The kitchen is housed within a programmatic core that, like the prototypic cores of Rice Building Workshop’s past, also houses the toilet, sink, shower, electric connects, and plumbing connects. The core also bisects the two separated bedroom spaces in plan, echoing the wet core/light core duality of the 2009 ZeRow House.

Storage location was built along the entirety of the building’s southwestern wall in the form of millwork cabinets and closets, reminiscent of the 2003 Extra-Small House. Within the bedroom spaces, the young adults are given a sense of privacy and ownership through quintessential, residential trimmings --- an individual window, a door, and a desk.

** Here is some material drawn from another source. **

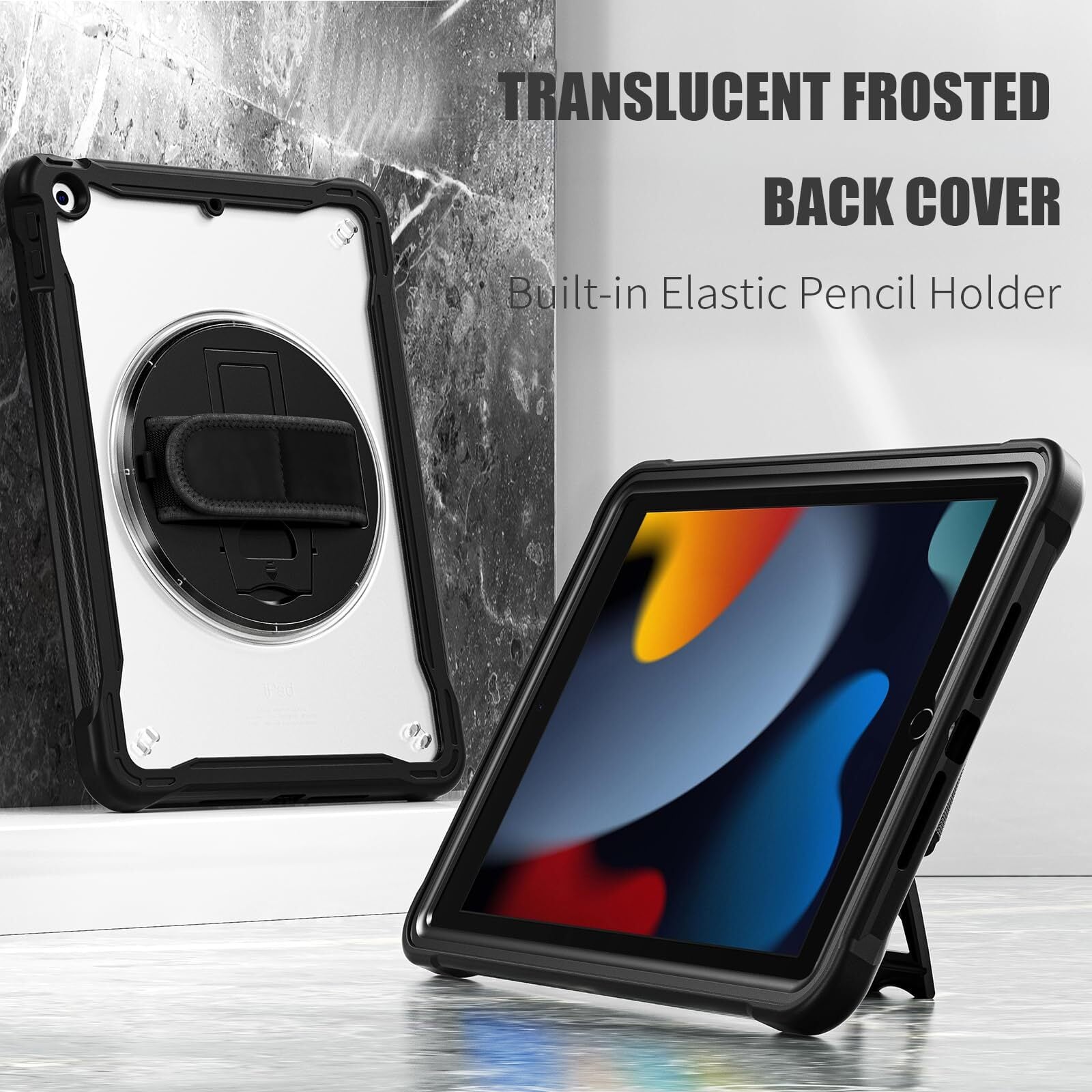 【iPad 9世代 ケース スタンドとハンドホルダー】:360度回転&段階調節可能スタンドによって、動画視聴やゲーム、仕事などの作業が楽に行えるようになりました。ハンドホルダーを使用しながら操作する事により、落下の危険を軽減する事が出来ます。

+House’s architectural programming and design has clear precedents in earlier works by Rice Building Workshop. The revolutionary nature of +House is the construction of the programmatic core, a prototype in its design and execution.

Most of the construction work was done by students enrolled in the elective sequence. The core was built off-site in Rice University’s engineering laboratory. Construction on-site at Conley Street contemporaneously progressed: plumbing ground utilities were guided on-site, structural piers were formed and then poured, the building frame took structure through decking first, and then walls and roof followed.

Following this, the core was then delivered via truck to the Conley Street site and inserted into the already raised and framed structure. Construction commenced; utilities were connected within the core to the ground hook-ups on-site: plumbing, electricity, then airconditioning.

Following that, construction followed that of a typical single-family residence. The residence was sealed via siding, windows, doors, and insulation. Work then focused on the interior, installing sheetrock, countertops, tile, fixtures, and appliances. Time savings to the overall construction process were considerable, thanks to the core’s construction being separate and off-site. Overall construction took about 70 days.

A beautiful and affordable future for Houston’s historic communities can take many forms. No doubt, apartments in duplexes, fourplexes, garden apartments, midrises, and highrises all have a place in the mix. For neighborhoods of mostly small-scale structures, +House offers a solution capable of breaking the paradigm of insensitive densification, having been designed as an accessory dwelling unit that is by nature ancillary to the preceding, historic structure. In a neighborhood like the Third Ward, which has grown increasingly sensitive to historic preservation and the need to combat its residents’ displacement, +House provides a means and a method to the paradigm shift. The off-site construction of the core has the potential to keep costs low and standards high.

If Rice Building Workshop’s two-decade-long residential core iteration was a response to pre-fabrication, then Rice Construct's ADUs add a focus on density. Both have big impact, both are a response to Houston's neighborhood and affordability requirements, both maintain continuity along with change. +House uses the precedent and knowledge developed by Rice Building Workshop, synthesized into a solution by Construct for Houston’s needs today.

+House opens to the public for a special reception on Friday, August 17 from 4-7 pm at 6312 Conley Street.